For those of us in the west, losing a war is an experience we’ll probably never be able to understand.

But those who read Ashita no Joe once it began serialisation in 1968 knew the realities of that experience better than any of us. Losing a war and losing it in such a devastating fashion that only a nuclear bomb can deliver cut across all of Japan, regardless of age or gender.


Not only were two towns completely lost in the war – Nagasaki and Hiroshima – the war effort had ripped the country apart. Tokyo lay in rubble after the nightly fire bombings. Most of the labour force had been slaughtered due to conscription. Families shouldered the burden of lost loved ones. Children had been born, raised, and adopted the wartime ideology. Above all, the spectre of imperialism still loomed over the nation in the form of the American occupation, having to swallow the shame of being used as a forward operating base for the expansion of the American sphere of influence.

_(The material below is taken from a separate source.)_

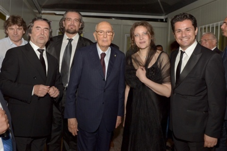 Il Presidente Giorgio Napolitano con il M° Riccardo Muti e gli artisti al termine della "Messa da Requiem" di G. Verdi

The decades that followed the end of the war in 1946 weren’t pretty either. The shortcomings of the American occupation meant that Japan didn’t transition as smoothly into democracy as was planned, for one – MacArthur’s failure to remove wartime personnel from the bureaucracy meant that the wartime fascist ideology still permeated politics, and the country’s leaders fought many continuous battles with it’s citizens over the pacifist Clause 4, which prevented Japan from maintaining an army. On the labour front too, the emerging industrial sector found itself clashing with newly formed trade unions as workers were subject to long hours for little pay in the reconstruction effort. The 1960s then saw the emergence of militant student movements, whose activities would reach a peak in 1968. Furthermore, as aid from the US streamed in to the burgeoning Japanese industrial sector (around $2.5 billion), so too did the workers – cramming themselves into the only places they could, shanty towns and slums.

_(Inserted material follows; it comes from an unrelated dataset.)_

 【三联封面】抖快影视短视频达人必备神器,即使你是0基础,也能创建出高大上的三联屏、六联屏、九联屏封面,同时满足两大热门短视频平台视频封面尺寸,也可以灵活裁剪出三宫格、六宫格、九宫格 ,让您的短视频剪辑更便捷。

This is the kind of setting we find ourselves confronted with in Ashita no Joe. By the late 1960s, things had certainly improved, but it would not be until the late 1980s with the ‘bubble’ economy that things would really improve for the better for most people. On the contrary, the world of Joe is one that is still reeling from the effects of the war, in that proper housing hadn’t been built and workers were overworked and underpaid – even it isn’t explicitly mentioned. The town of Doya-machi that Joe et al. inhabit is one of ramshackle construction, widespread crime and violence. It isn’t so different from the very real slum of Sanyo, which it was based on and continues to honour the legacy of Joe even today. What makes it even more real is the feeling of community that is present in the fictional setting, as each character in the slum helps each other and bands together in their shared suffering.

Although Sanya may have represented the very worst of Japanese society at the time, even those who lived comparatively better lives weren’t that much better off. Movies and literature had already been popular forms of mass entertainment before the war, but the import of American comics such as Superman along with Disney cartoons inspired many creatives to take up comics. One such creative was Osamu Tezuka, whose seminal work Astro Boy would both catapult manga into the mainstream and legitimise it as an art form. For those still suffering, the fantastical worlds of manga were a welcome escape from the drudgery of the everyday. Not only did the medium of manga allow more freedom to the author as they could draw anything from their imagination, but the serialised, weekly format of manga once the first magazines began to emerge in the 1960s meant a constant stream of entertainment, far outpacing in terms of quantity film and animation.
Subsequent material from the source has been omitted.